In a quest to save thousands of dollars in claim costs, insurance carriers tend to err on the side of caution and charge exorbitant rates to their first time drivers. That may leave parents wondering if there are any ways to cut costs and still keep their young drivers (and their vehicles) safe from harm. The answer is yes. There are strategies you can employ to keep your rates down somewhat; but don’t expect any big savings for a few years. By then your young driver will be able to establish a track record with your insurer and possibly get their rates cut – if of course, they have managed to stay accident free during that time.
In the meantime, here are a few simple things you can do to help cut car insurance for first time drivers:
- Get your young driver professional driving instruction. Whether they take a certified driver’s education course at their high school or you shell out hundreds for private driving lessons doesn’t really matter. What will make a difference in the eyes of your insurance carrier is that they have taken the time to learn the proper safety measures with some sort of driver’s education and safety instruction.
- Buy a cheap clunker for your teen to drive. This can save you in high insurance costs in several ways:
2. Depending on the condition of your old clunker, you may not need as much coverage (especially when it comes to collision) as you would a newer model
3. Sportier vehicles and SUV’s tend to inspire less safe driving among first time drivers, thus causing more accidents
- Insist on good grades. Not only do better students drive more safely, but they tend to be more responsible behind the wheel and most insurance carriers now acknowledge that with good student / good driving discounts.
- Prohibit talking and texting when behind the wheel. Did you know that a teen driver distracted with a cell phone drives about the same as an adult who is drunk? It’s true. Talking and texting while driving slows down a teen’s response and can cause serious injury and accidents.

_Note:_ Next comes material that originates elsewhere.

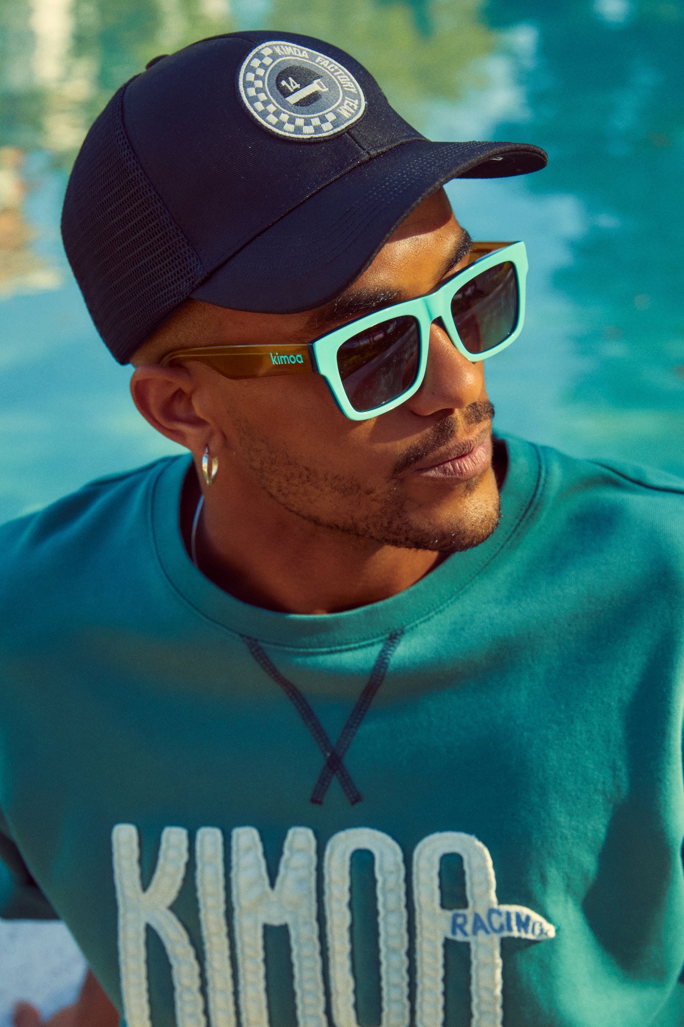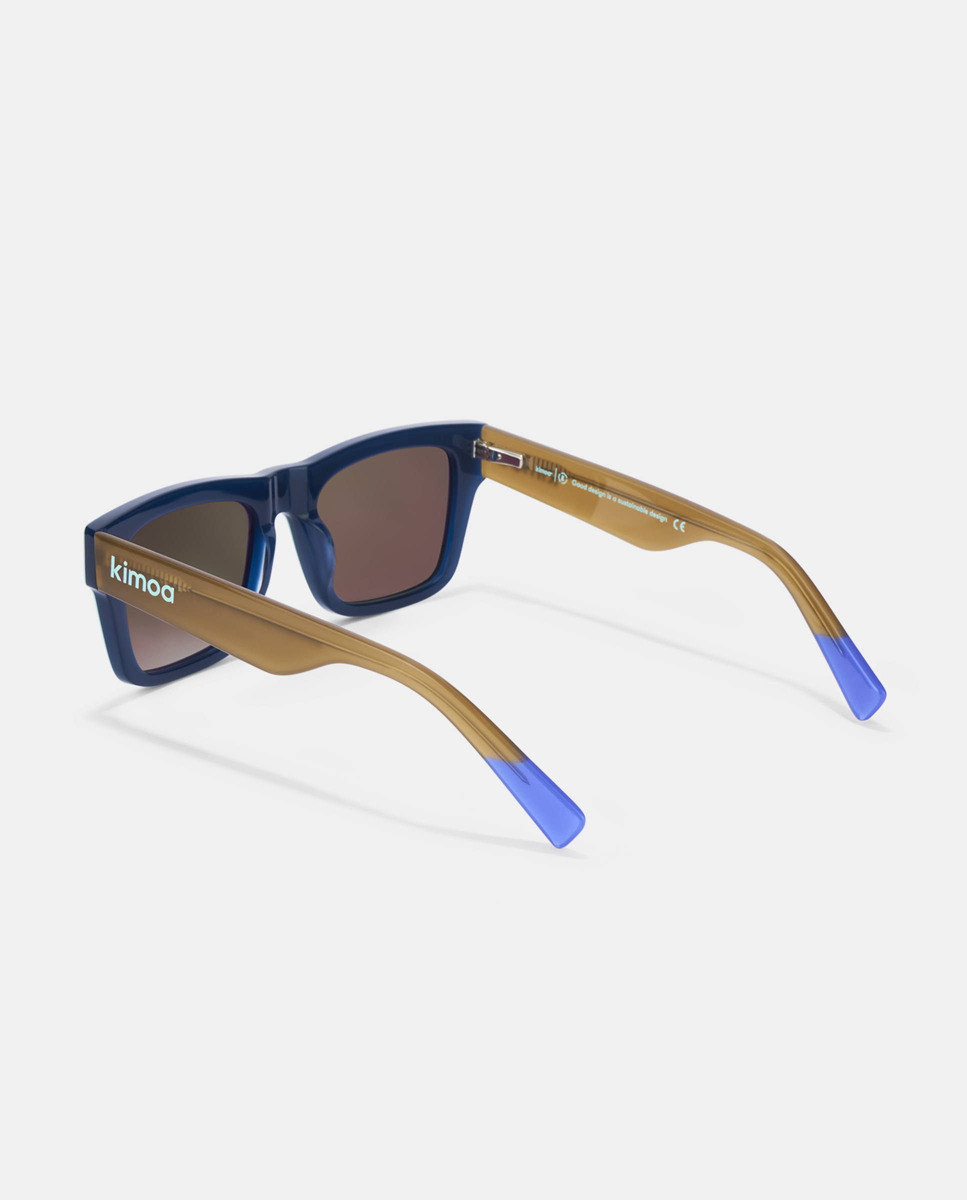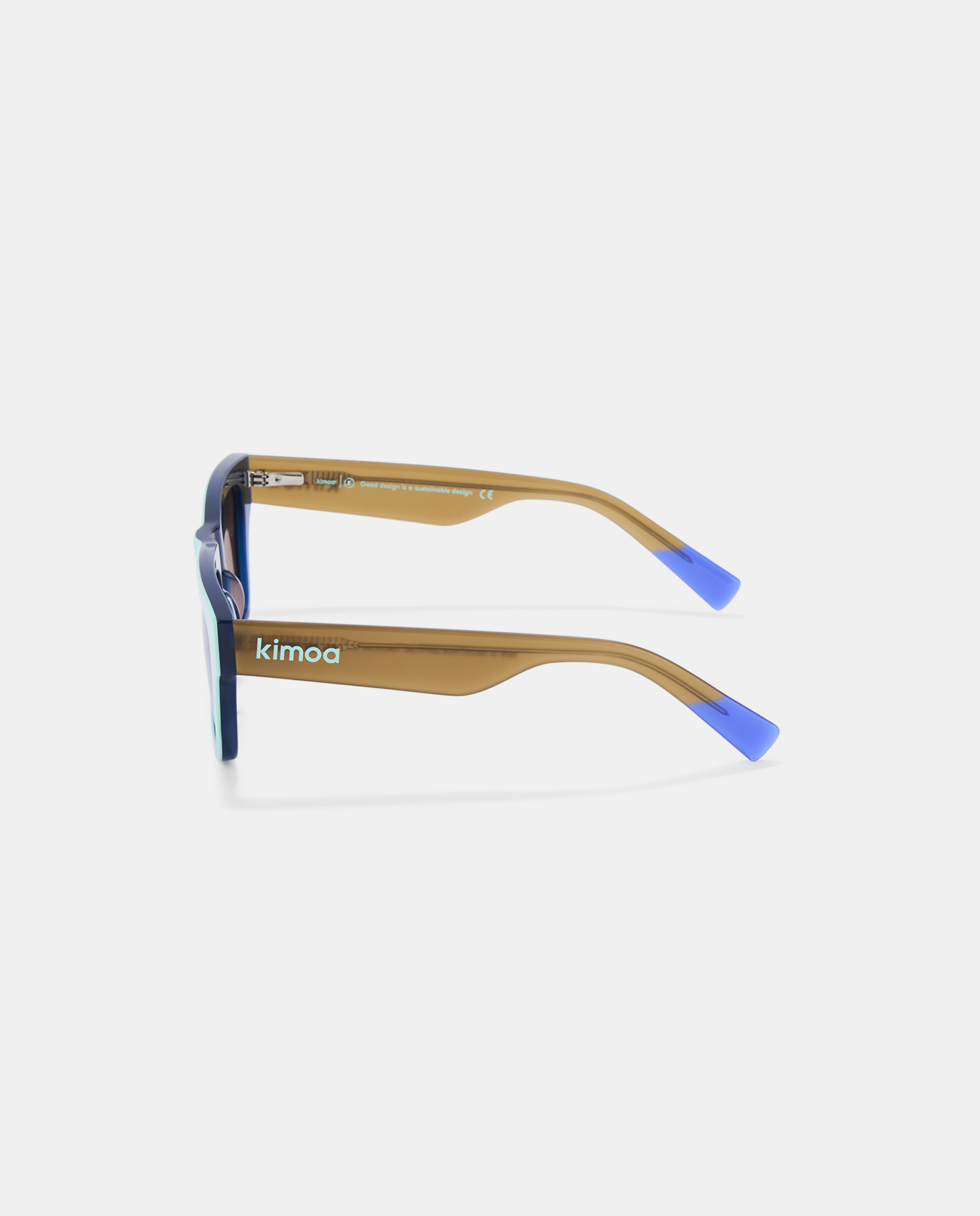 xThe Deptford Turquoise is an everyday lifestyle polarized multicolor sunglasses crafted in premium sustainable bio acetate, sourced from wood pulp and cotton fibers, making them eco-friendly and durable. Thick square two-color layers frame mixing solid light turquoise on the front and milky dark blue on the back, and milky camel bold temples with milky dazzling blue tips. Smokey dark brown color polarized lenses respect the environment and give a unique balance between clarity and resistance. The wide temples have a distinctive shape that makes this model both unique and trendy.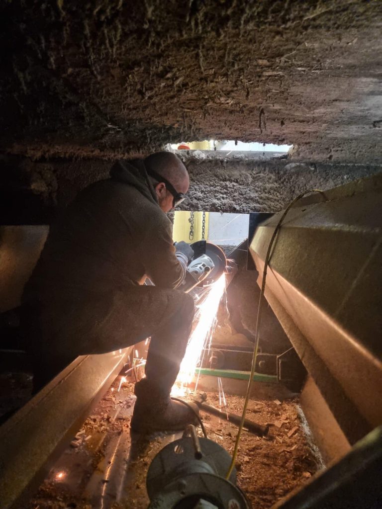 Here’s a few photos of some of our recent jobs where we carried out repair welding to a wood chipper infeed, exchanged a return shaft on a large conveyor, and exchanged a drive gearbox where access was tight.

- Limit your teen’s driving (at first). Sure, your young driver needs practice to become a better driver, but give them time to ease into this new responsibility. Limit your teen’s solo driving time can help you keep a better eye on poor driving habits; plus you may get a discount from your insurance carrier if they are considered an occasional driver clocking less than 7,000 driving miles per year.
- Increase your deductible. Sure, it will cost you a few hundred dollars more if your teen is in an accident; but compared to the hundreds you will shell out each year on insurance costs, you could save a small fortune – especially if your teen turns out to be a super-safe driver.
- Don’t file a lot of claims. Some people just love to file every little claim they can to get check from their insurance company. This is a bad idea when it comes to also insurance for first time drivers. If they dent the bumper or scratch the floor, who cares? Leave it be or pay to fix it yourself and keep the insurance company out of it. The more claims you file, the higher your rates will become.